Indonesia launched the E33G Remote Worker KITAS in April 2024, replacing the ad-hoc B211A extensions that nomads had been using for years. The new program is a proper one-year limited-stay permit for foreign remote workers, renewable up to five years, with a $60,000 annual income threshold and access to one of the most established nomad hubs in Southeast Asia — Bali, specifically Canggu and Ubud.
The trade-off compared to Thailand's DTV: higher income bar ($5,000/mo vs no income floor), local sponsor requirement, and narrower path (no sub-categories like Thailand's soft-power option).
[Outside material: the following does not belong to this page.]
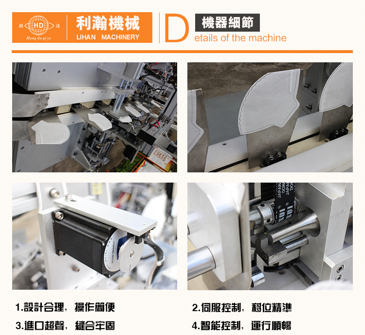 “鴻達牌”折疊口罩耳掛式耳帶機,是使用先進的程序控制完結主動化出產,從口罩本體 進入到完結耳帶焊接均為主動化作業;設備經過伺服送料,特制定位體系與主動耳帶旋轉設備進行完美的合作,高質高效的出產出各款折疊口罩

The advantages: faster processing than most EU options, genuinely low cost of living in Bali outside premium areas, and Indonesia's tax treatment that can exempt foreign income for nomad KITAS holders.
At a glance
- Minimum income: $60,000 annual ($5,000/month)
- Duration: 1 year, renewable annually up to 5 years total
- Processing time: 10–15 business days online
- Application fee: ~$150 (single); varies by processing tier
- Family allowed: Yes — spouse, unmarried partner, dependent children
- Path to PR / citizenship: None directly via E33G
- Tax residency trigger: 183 days in Indonesia
- Local sponsor required: Yes — typically a registered Indonesian visa agent
- Hub cities: Canggu, Ubud, Seminyak (all on Bali); Jakarta secondary
Why Indonesia over Thailand for Asian base?
The practical comparison is with Thailand's DTV. Where Indonesia wins:
- Bali's nomad community is the most established in Asia (since ~2015), with deeper infrastructure than Chiang Mai or Bangkok in some categories (specialty cafes, coworking density, wellness scene).
- Family-friendlier lifestyle infrastructure (international schools, pediatric care).
- Tropical/beach access without the monsoon severity of peninsular Thailand.
Where Thailand wins: lower income floor (no income requirement, $14k savings alternative), simpler online application (no local sponsor), longer visa term (5 years multi-entry vs 1 year renewable).